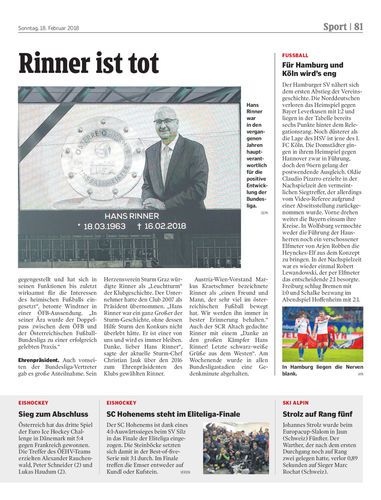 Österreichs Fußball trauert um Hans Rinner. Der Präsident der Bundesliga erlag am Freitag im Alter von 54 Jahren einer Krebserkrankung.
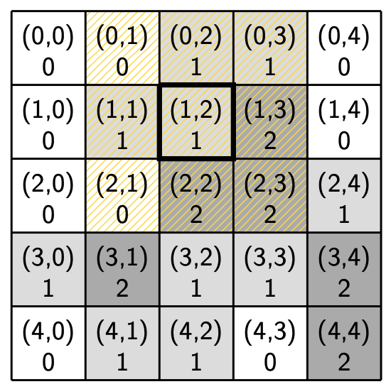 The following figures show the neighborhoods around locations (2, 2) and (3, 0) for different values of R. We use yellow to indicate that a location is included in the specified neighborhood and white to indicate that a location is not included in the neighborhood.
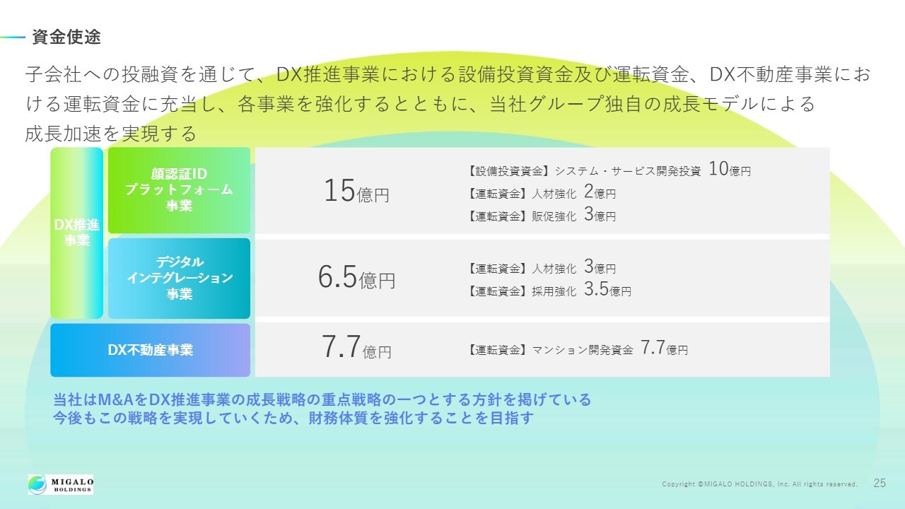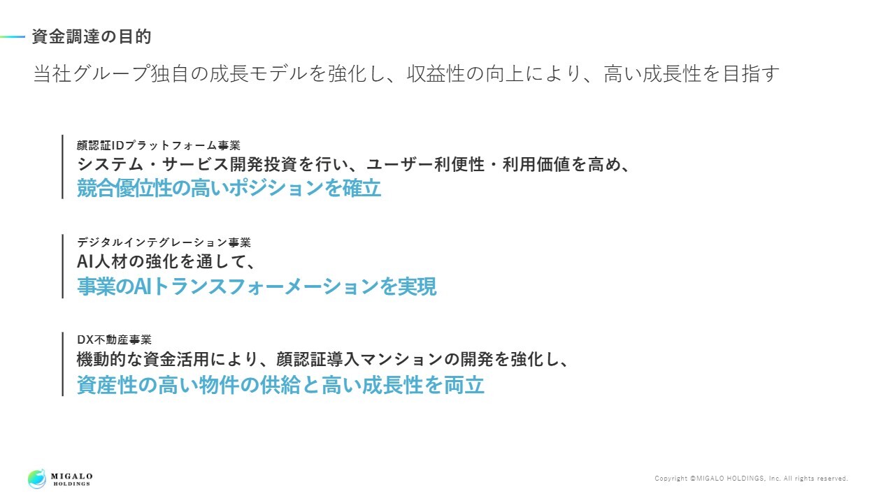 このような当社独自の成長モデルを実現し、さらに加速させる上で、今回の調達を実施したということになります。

**What the task asks**
Go through the listing above and quote it exactly, apart from its images.

**Written response**
 Österreichs Fußball trauert um Hans Rinner. Der Präsident der Bundesliga erlag am Freitag im Alter von 54 Jahren einer Krebserkrankung.
 The following figures show the neighborhoods around locations (2, 2) and (3, 0) for different values of R. We use yellow to indicate that a location is included in the specified neighborhood and white to indicate that a location is not included in the neighborhood.
 このような当社独自の成長モデルを実現し、さらに加速させる上で、今回の調達を実施したということになります。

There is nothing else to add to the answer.